This just goes to show you the issue is that Trump isn't the "typical" politician. He does things with out any "courtesy" or doesn't follow "tradition". Which sometimes I disagree with him on. But that is to the heart of the matter... IMHO.

Edit:

Just read this (well heard about it yesterday and reading more about it today). The House is complaining it didn't get "briefed" on the attack. Well the house chose to have a longer recess and isn't back to work until tomorrow. Plus they already have a scheduled meeting with senior officials tomorrow. So the "kicking and screaming" by many on the Left is because of the " extended vacation" they got will be caught up to speed the day they get back. Again it is all political theatre that is getting played by many on the left. The whole "ORANGE MAN BAD" mentality.


----------



## Plainsman (Jul 30, 2003)

The left will become traitors if it would hurt Trump. I would not be surprised if the called Iran directly to warn them of the attack. This Trump Derangement Syndrome is so bad I put nothing past them. Nothing. This attack is clearly on the up and up with nothing, absolutely nothing wrong with it. Yet evenon the street the average liberal will complain. What's wrong with their brain? They hate with a passion, but they will not admit it. Conservatives celebrated when Obama took out Bin Laden.
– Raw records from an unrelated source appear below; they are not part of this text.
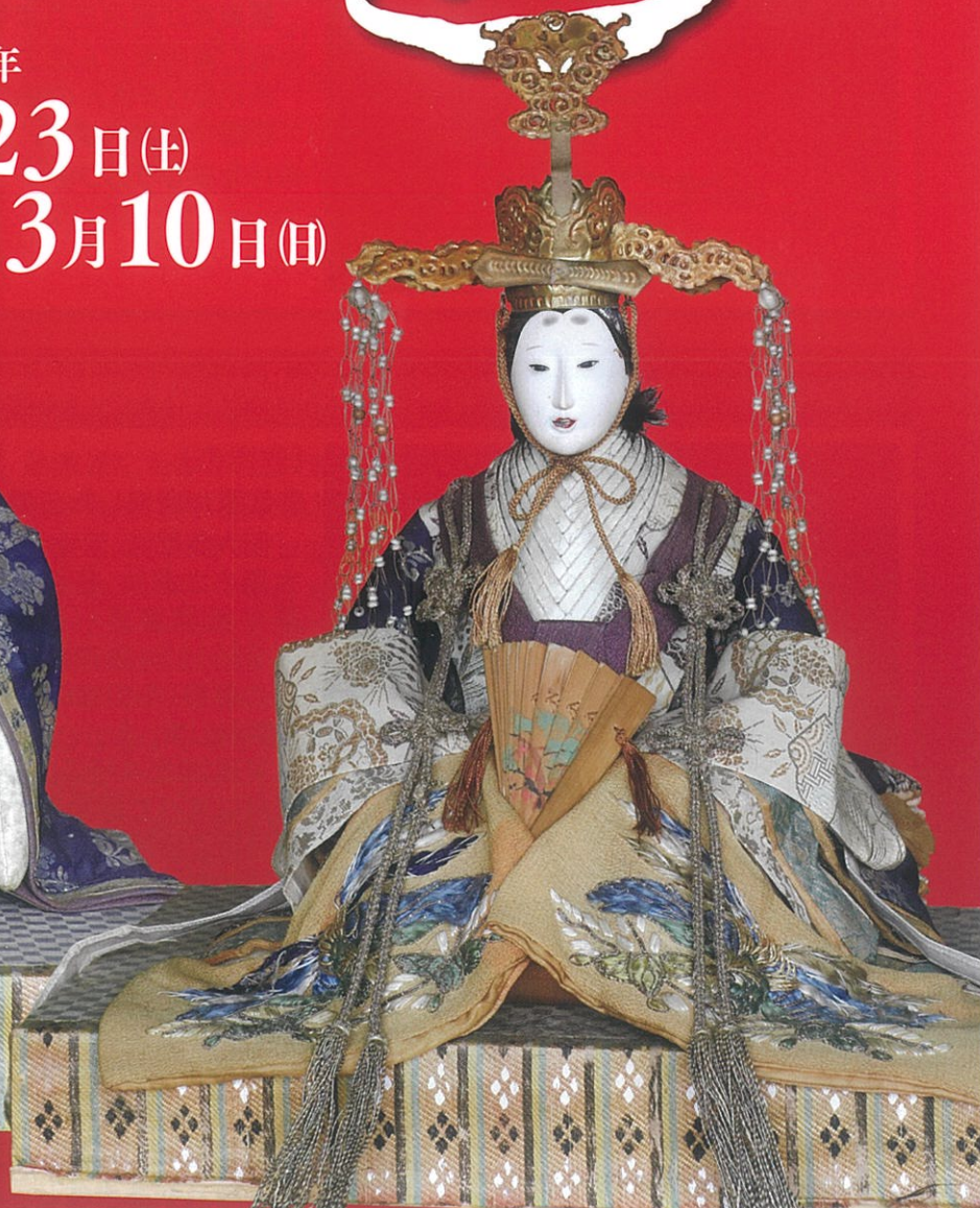
■写真のおひな様(古今雛)は、旧唐津銀行に展示しています。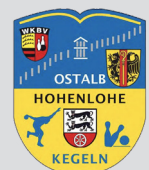
Bezirk Ostalb Hohenlohe Sektion Classic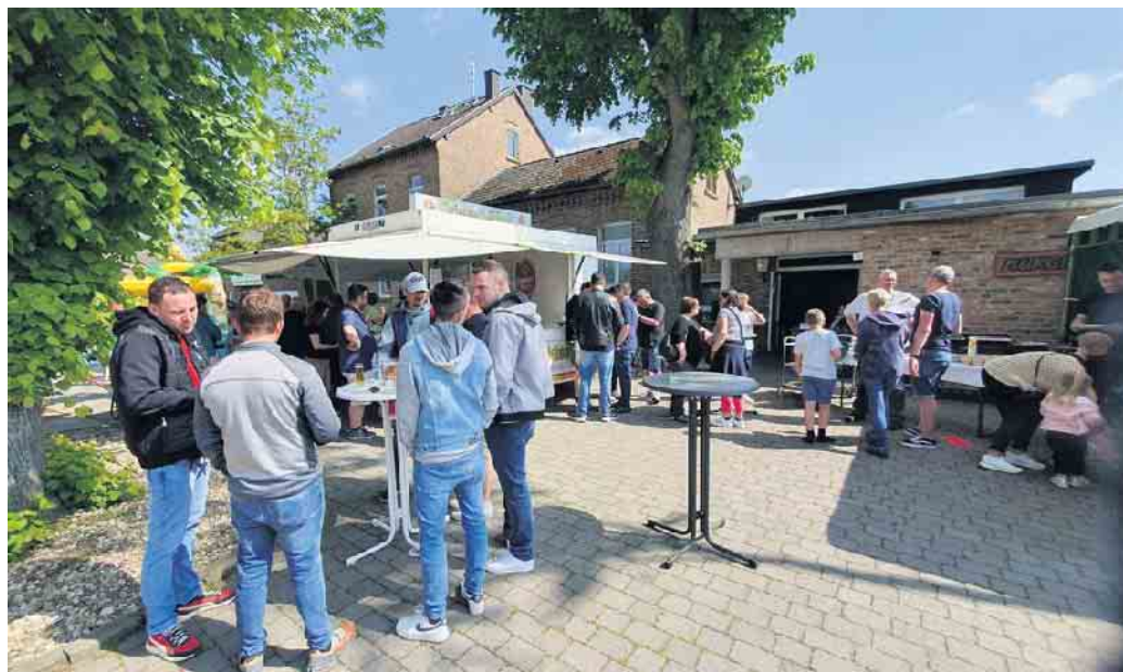
Kaltes Bier, gute Musik und viele Spiele und Unterhaltung für die Kinder - Damit lässt sich „Vatertag für die ganze Familie“ des Bürgervereins LUXHEIM e. V. am besten beschreiben

Kaltes Bier, gute Musik und viele Spiele und Unterhaltung für die Kinder, damit lässt sich „Vatertag für die ganze Familie“ des Bürgervereins LUXHEIM e. V. am besten beschreiben. Viele Leute fanden auch den Weg zur örtlichen Bürgerhalle. Dabei war das Einzugsgebiet groß. Ob nun umliegende Ortschaften oder auch diejenigen, die auf der Durchreise waren. Alle haben den Weg zum Vatertagstreffen gefunden. Bei erfrischenden Getränken und allerlei Köstlichkeiten vom Grill, aber auch süßen Leckereien wie Kaffee und Kuchen, konnte an und in der Bürgerhalle gut verweilt werden. So war für jede Altersgruppe etwas geboten. Der Bürgerverein LUXHEIM e.V. dankt allen Helferinnen und Helfern sowie den Gästen für das zahlreiche Erscheinen. FH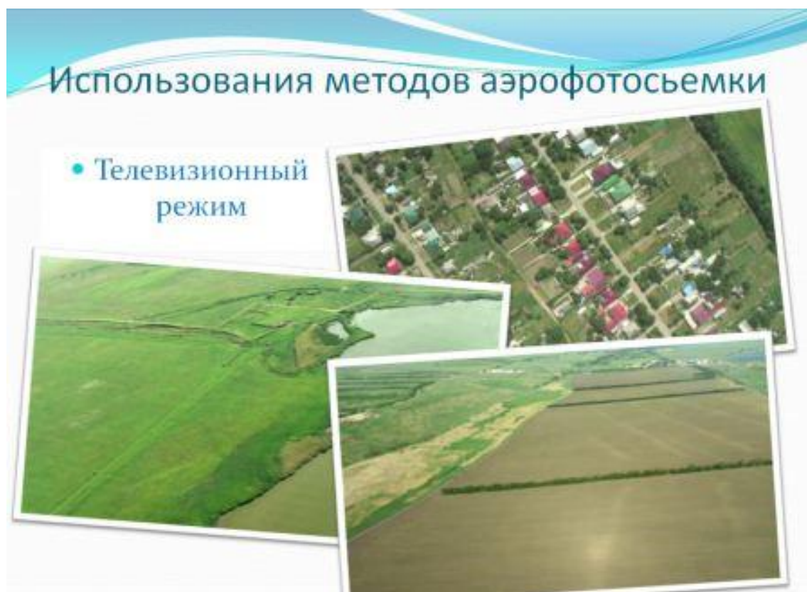
Рис. 1: телевизионный режим съемки

We should all be celebrating the end of an even more vicious person, but liberals/democrats would rather Trump was in the car the predator drone hit.


----------



## dakotashooter2 (Oct 31, 2003)

To bad Trump didn't offer them some key democratic politicians as compensation...


----------



## Chuck Smith (Feb 22, 2005)

So lets look at this much closer.

1. Some media outlets showed the live feeds of the funeral and had people on shows talking about how "great" this guy was and how it is all USA fault for escalating everything.
- Iran shot down a drone, boarded US naval ships, attacked oil fields, put explosives on ships, attacked embassy, etc. So it is the USA fault.

2. Pelosi blamed USA for escalations... (see above)

3. The Media was saying over 30+ US dead after last nights attacks. Which was an Iranian propaganda piece or source. REALLY... great fact checking... uke:

So when Trump starts to talk about "Fake News" we should all start to listen. Because this whole episode really is showing you that they only care about anything against Trump and not facts. They don't care about USA. Just look at the first one of my little list. Why would they tote this monster as a "hero". They wouldn't do this much coverage for a USA general... :bop: :bop:

****** Lets not forget what isn't getting much coverage.... The Convington HS kid who was wearing the MAGA hat... just settled for $275 million against CNN for defamation. To say that CNN is a "credible" news outlet is a complete joke.


----------



## Chuck Smith (Feb 22, 2005)

Have you seen some of the stuff coming out after the "briefing"...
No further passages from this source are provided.